La violence domestique crée un cercle vicieux qui marque de son sceau les adolescents et les enfants, eux‑mêmes futurs parents et maris. Elle se reproduit selon une progression géométrique, privant les enfants d’une vie familiale: ces derniers se retrouvent alors dans la rue ou sont placés dans des institutions d’Etat qui ne peuvent leur fournir des soins et une attention convenables. 160 000 enfants sont actuellement élevés dans ces institutions (orphelinats, maisons pour enfants, etc.). Dans le cas de 90 % d’entre eux, les parents négligent leurs obligations ou sont déchus de leurs droits par décision judiciaire (ou sont en détention). Et le nombre d’actes cruels envers des enfants ne cesse d’augmenter. 70 % des traumatismes qui leur sont infligés le sont dans leur famille même. La violence contre les enfants touche une famille sur quatre.

Chaque année, 30 000 jeunes fuient la cruauté qu’ils subissent dans leur famille, 6 000 s’enfuient des institutions d’Etat, et 2 000 se suicident. 27 000 sont victimes de divers actes criminels, y compris sexuels. Dès l’enfance, ils s’adonnent à la boisson, sont impliqués dans des affaires de stupéfiants et de vols avec violence, ou sombrent dans la mendicité et la prostitution (12 à 15 % des prostitué(e)s ont moins de 16 ans). On ne peut évidemment se faire aucune illusion sur l’état de leurs futures relations familiales.

Il doit être bien clair que notre désir de dresser un tableau exact de la situation socio-économique et des racines de la violence ne signifie nullement que nous regrettions le régime précédent et l’ancien système économique. Mais nous devons admettre que la réforme rapide de la société russe a fait disparaître les garanties sociales qui permettaient aux personnes les plus démunies, aux personnes âgées, aux handicapés, aux orphelins et aux femmes, de survivre.
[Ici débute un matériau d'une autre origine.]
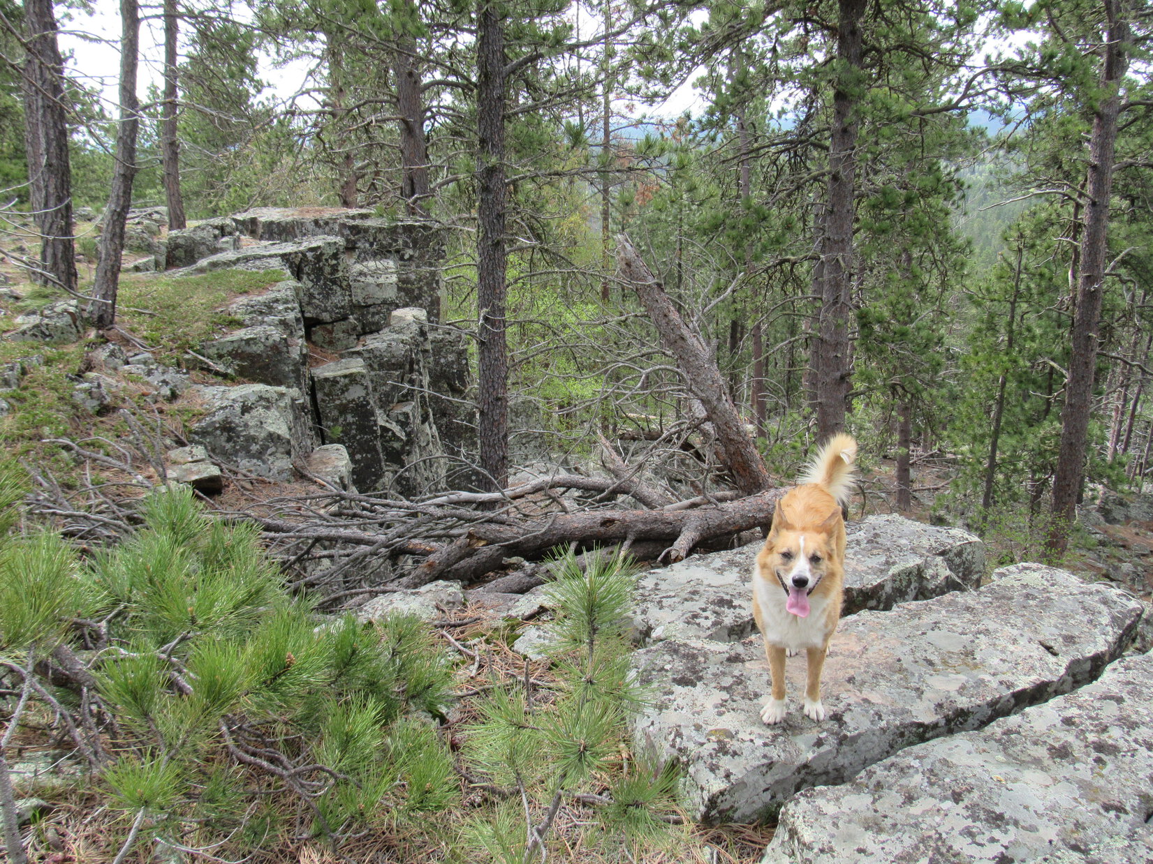 Lupe had been revved up for a couple of days.  SPHP had promised to take her on one of her Black Hills expeditions this morning, yet she almost didn’t get to go.  Lupe was up early, but the morning sky was totally overcast.  Low clouds socked in the nearby hills.  It looked like rain and fog were in Lupe’s immediate future, not fun in the sun.
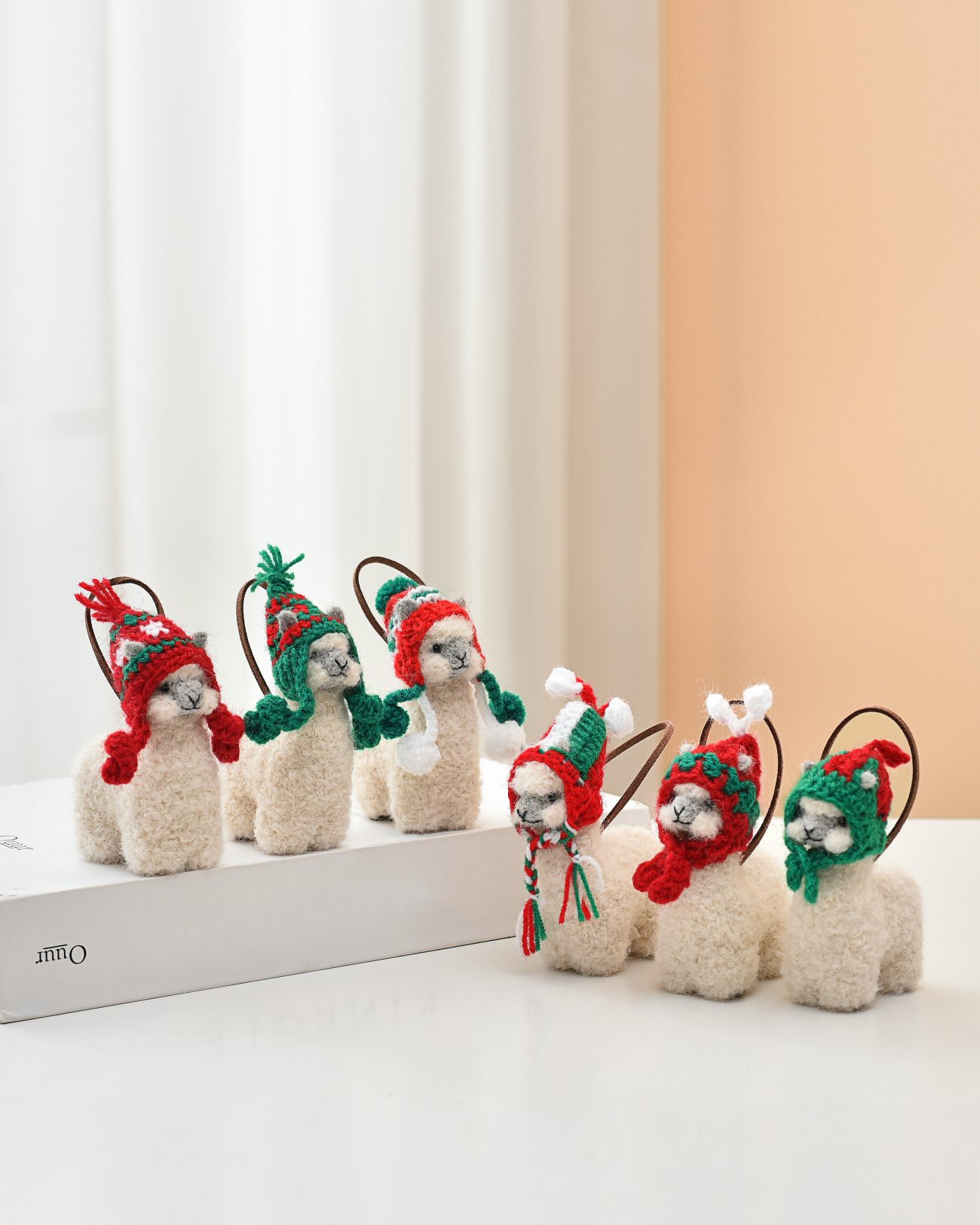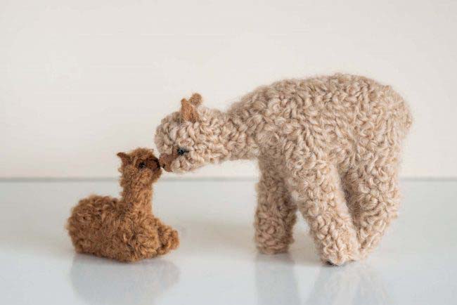 Sweet and loving alpaca mother proudly kissing its little new born baby alpaca figures, hand-crafted with 100% baby alpaca wool by proud female artisans in Peru.
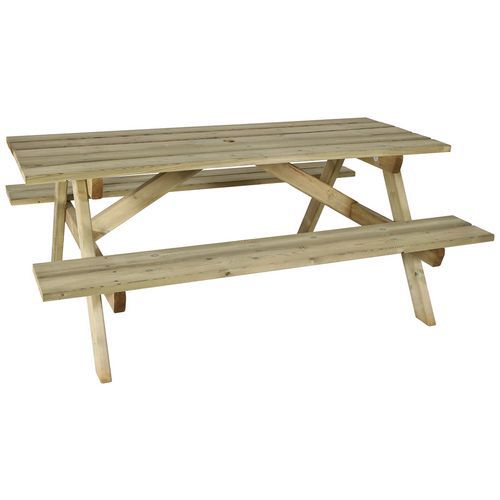 Table-bancs bois Batz Pin traité, Matériau: Pin, Type de fixation: À poser
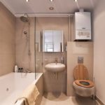 A ce stade, aucune difficulté n'est attendue. L'équipement de plomberie blanc est le plus courant. Et dans un environnement beige, il a fière allure. Un peu de murs plus sombres autour se concentrent sur la propreté et la fraîcheur de la salle de bain, lavabo, cuvette des toilettes.
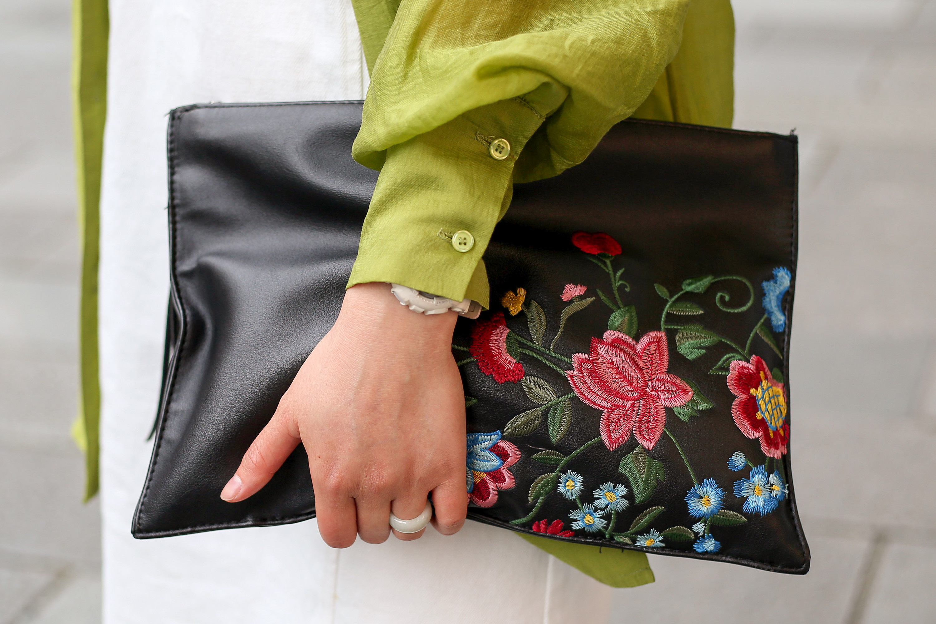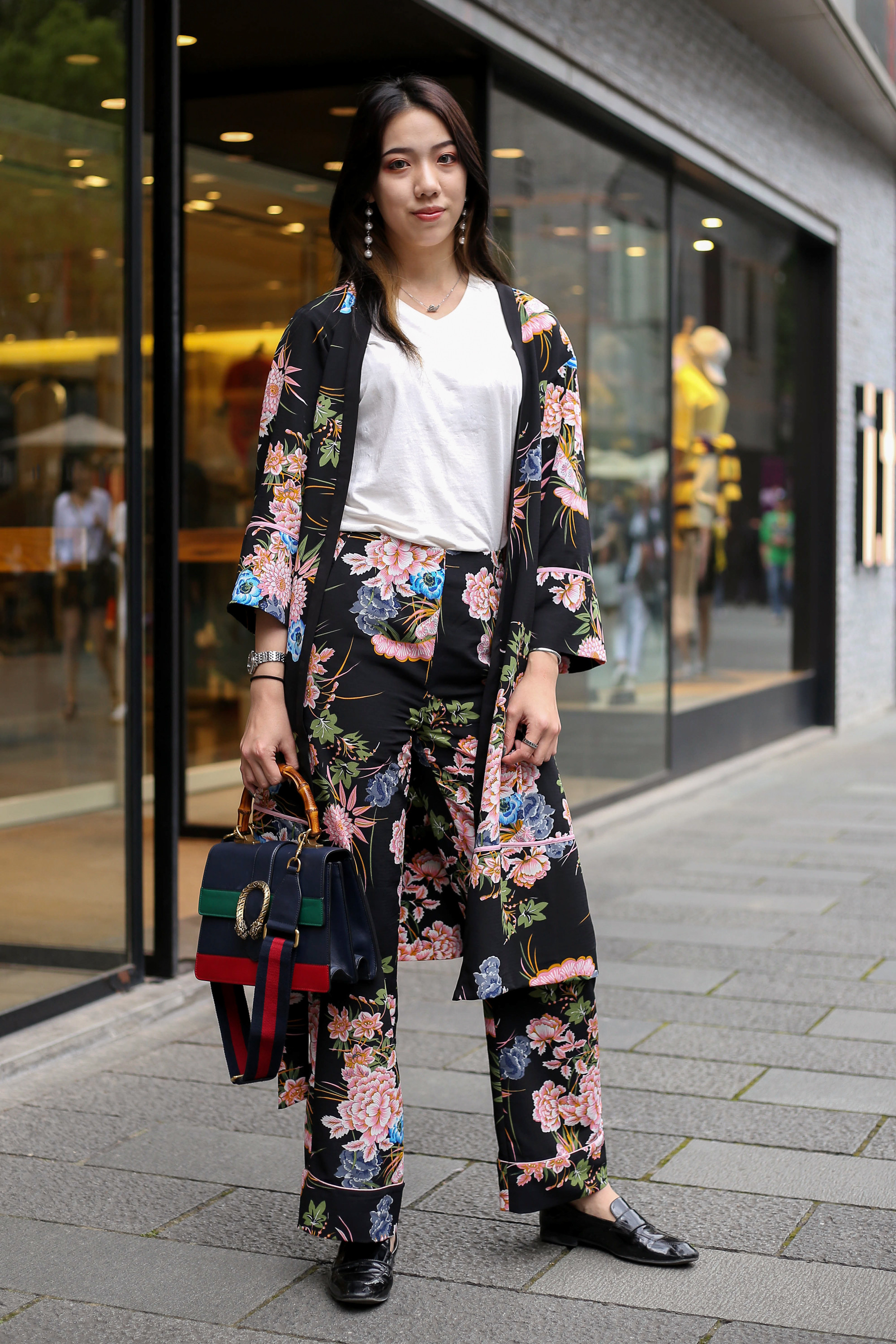 除了简约叛逆风格出现在6月的上海街头。国画花卉,抽象图案,报纸印花同样打造着随意时尚的别样风格。
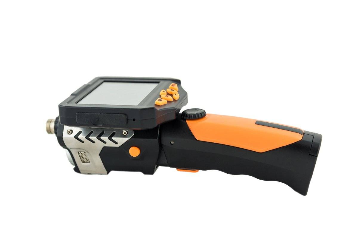 Камера установлена на зонде длиной 5 м. Система подсветки выполнена в виде 4 ярких светодиодов с плавной регулировкой яркости свечения. На корпусе расположен съемный дисплей.
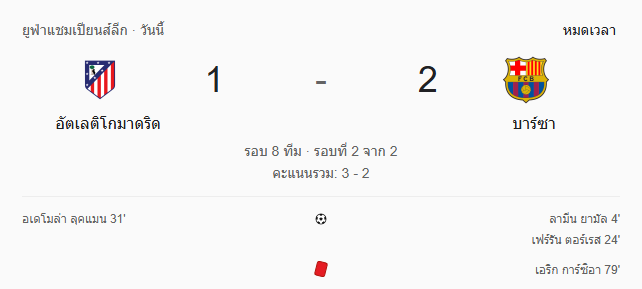 บทสรุปของเกมนี้จึงโคตรชัดเจนและโคตรเจ็บสำหรับฝั่งเจ้าบุญทุ่ม บาร์เซโลน่าบุกมาชนะได้จริง เล่นได้ดุดันจริง ยิงได้เร็วจริง แต่ความเสียหายจากเลกแรกยังหนักเกินเยียวยา ส่วนแอตเลติโก้ มาดริด แม้แพ้ใน 90 นาที แต่พวกเขาเอาตัวรอดได้สำเร็จและคว้าตั๋วเข้ารอบรองชนะเลิศด้วยสกอร์รวม 3-2 แบบนักสู้ตัวจริง เกมนี้ไม่ได้สวยงามทุกจังหวะ แต่มันคือฟุตบอลถ้วยยุโรปที่ตัดสินกันด้วยความนิ่ง ความเขี้ยว และความอดทนล้วน ๆ
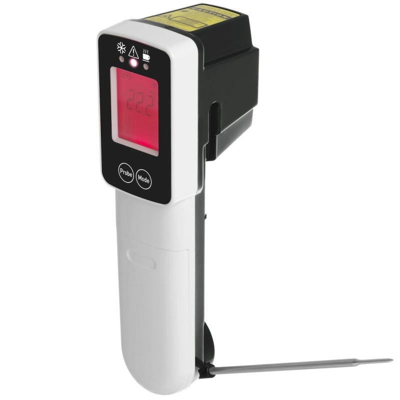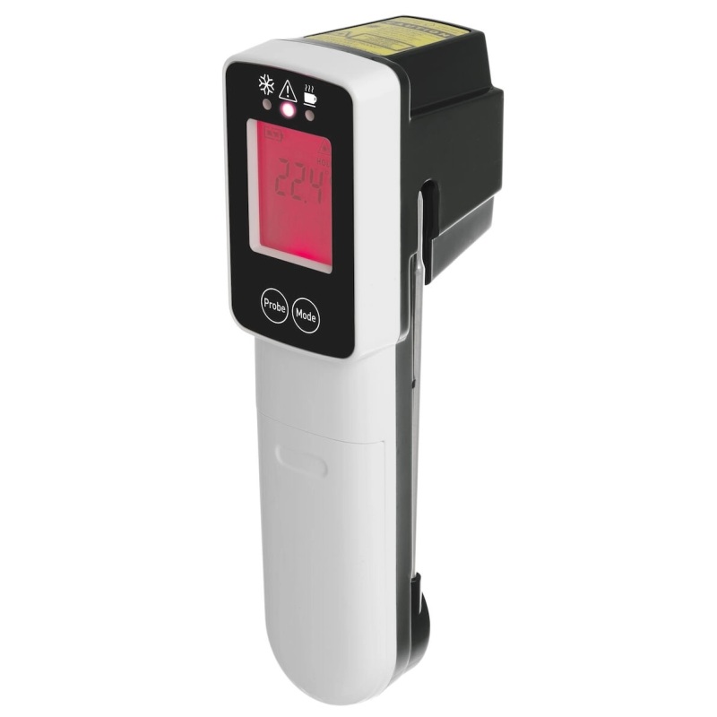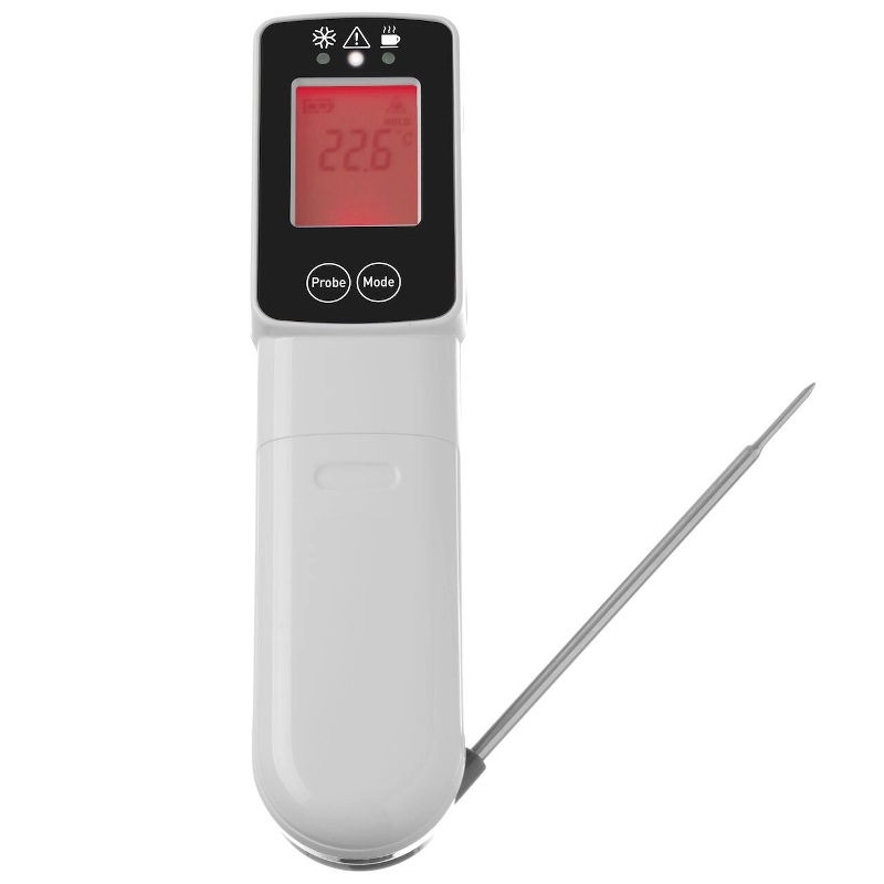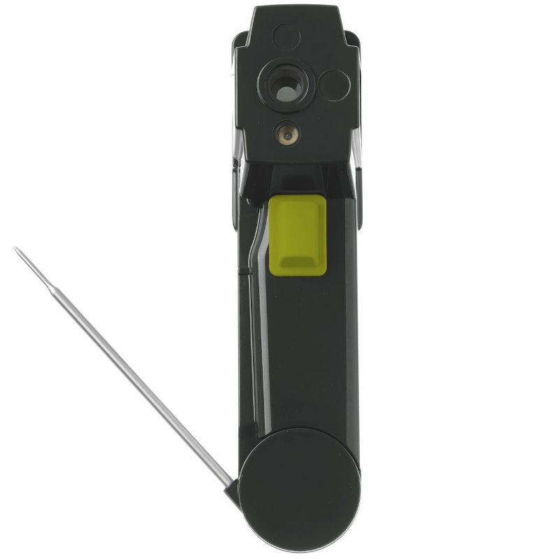 Сканирует температуру инфракрасным излучением или складным датчиком из нержавеющей стали длиной 90 мм.
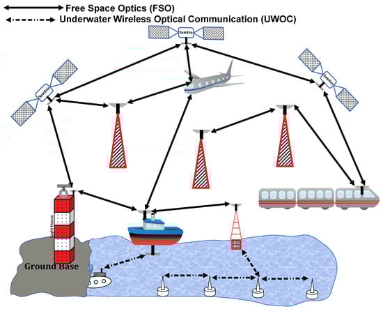 Recently, there has been a growing presence of interconnected physical objects, giving rise to the Internet of Things (IoT) concept. The IoT has significantly transformed various aspects of our lives, including healthcare, energy management, industrial processes, agriculture, livestock, infrastructure, and technology. This interconnected network of devices has the potential to link objects across the globe, enhancing our ability to interact with our surrounding environment for a more enriched living experience []. The IoT has primarily focused on and undergone extensive research in terrestrial and urban network environments. This substantial groundwork has laid a robust foundation for the rapid growth of industrial IoT, which is progressing remarkably as of the present moment []. Nonetheless, 72% of the Earth’s total surface area, which spans 509 million square kilometers, is occupied by water. Scientists grew interested in underwater exploration, which has driven technological advancements toward creating a “smart ocean” or the Internet of Underwater Things (IoUT). This concept extends the IoT designed explicitly for underwater environments.
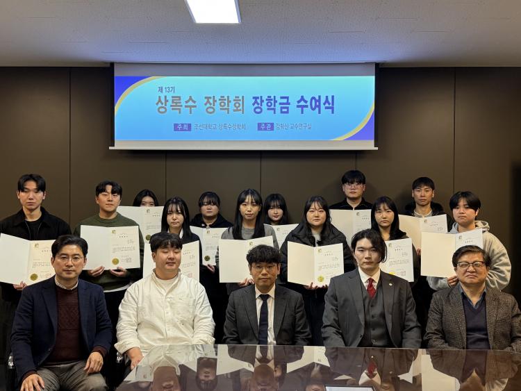[ÀÚÄ¡Àú³Î] Á¶¼±´ëÇб³(ÃÑÀå ±èÃἺ) ¹ýÇаú »ó·Ï¼ö ÀåÇÐȸ°¡ Áö³ 12¿ù 10ÀÏ ¹ý°ú´ëÇÐ 6Ãþ¿¡¼ ¡®Á¦13±â »ó·Ï¼ö ÀåÇÐ±Ý ¼ö¿©½Ä¡¯À» °³ÃÖÇϰí, ÃÑ 11¸íÀÇ ÀåÇлý¿¡°Ô ÀåÇбÝÀ» Àü´ÞÇß´Ù.
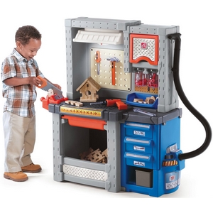 Игровой комплекс состоит из: большой рабочей поверхности с выемками для болтов и гаек, выдвижных ящиков и подвесных баночек для хранения инструментов, пылесоса, тисков, подсветки и набора аксессуаров из 50 предметов (детали из пенополистирола для моделирования, дрель, болты, гайки, пила, молоток, плоскогубцы, отвертка и пр.).
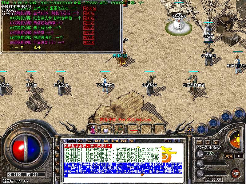 :服务器合区时将清理35级以下小号,武器升级也不要把武器仍里过夜,请注意保护好自己的物品,若发生意外服务器不负责任!
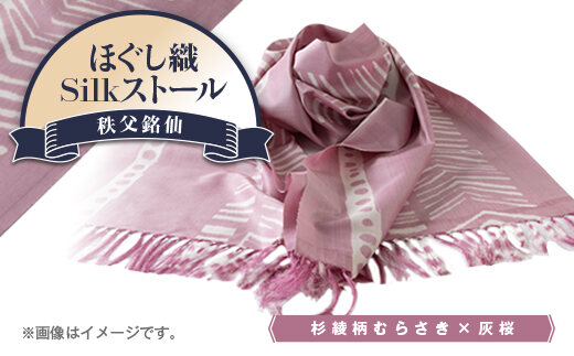 秩父銘仙 ほぐし織Silkストール〈杉綾柄むらさき×灰桜〉【1429004】

Ces garanties n’ont pas été remplacées par d’autres mesures efficaces.

Cette brève analyse des conditions qui ont un impact direct sur la société et qui engendrent effectivement la violence domestique n’a d’autre but que de montrer l’ampleur des problèmes que nous devons résoudre dans plusieurs domaines, à savoir: la protection juridique, la restructuration du budget selon une optique sociale, la création d’un réseau de centres d’aide d’urgence pour les femmes et les enfants, la coopération entre les médecins, les enseignants, les juristes, les psychologues, les travailleurs sociaux, les économistes et bien d’autres professionnels confrontés chaque jour au problème de la violence masculine.

Il est certain que même forts de l’expérience européenne en matière de lutte contre la violence domestique, nous ne parviendrons pas à grand‑chose tant que nous n’extirperons pas les causes socio‑économiques de l’hostilité et de l’agressivité dans notre société, tant que l’Etat et les autorités à tous les niveaux n’agiront pas en priorité dans l’intérêt de chaque membre de notre société, tant que, enfin, nous ne parviendrons pas à établir un lien entre les droits de l’homme (leur philosophie et leur pratique) et la réforme socio‑économique dans notre pays.